Content starts

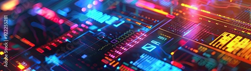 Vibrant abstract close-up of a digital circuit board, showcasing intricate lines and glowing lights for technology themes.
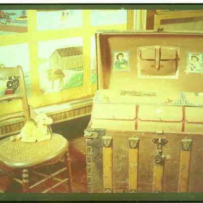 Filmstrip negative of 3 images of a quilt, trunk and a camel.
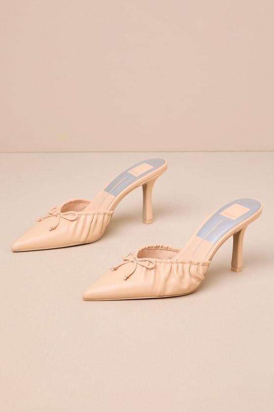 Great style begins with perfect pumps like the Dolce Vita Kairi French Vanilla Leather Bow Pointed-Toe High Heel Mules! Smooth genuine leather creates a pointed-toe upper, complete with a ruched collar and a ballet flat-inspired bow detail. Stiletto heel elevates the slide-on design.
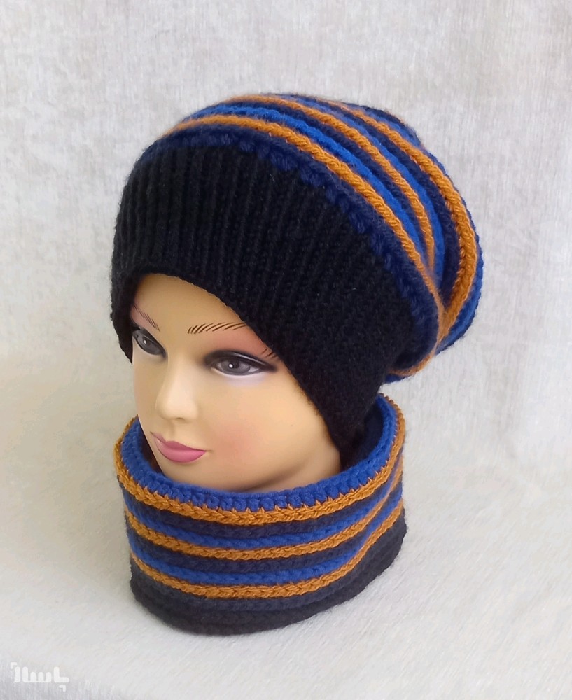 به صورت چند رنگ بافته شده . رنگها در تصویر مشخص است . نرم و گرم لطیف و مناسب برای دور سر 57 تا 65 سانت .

Content ends

Write out exactly, and only, the lines from the line holding "Great style begins" through the end of the data, inclusive, without any pictures.

 Great style begins with perfect pumps like the Dolce Vita Kairi French Vanilla Leather Bow Pointed-Toe High Heel Mules! Smooth genuine leather creates a pointed-toe upper, complete with a ruched collar and a ballet flat-inspired bow detail. Stiletto heel elevates the slide-on design.
 به صورت چند رنگ بافته شده . رنگها در تصویر مشخص است . نرم و گرم لطیف و مناسب برای دور سر 57 تا 65 سانت .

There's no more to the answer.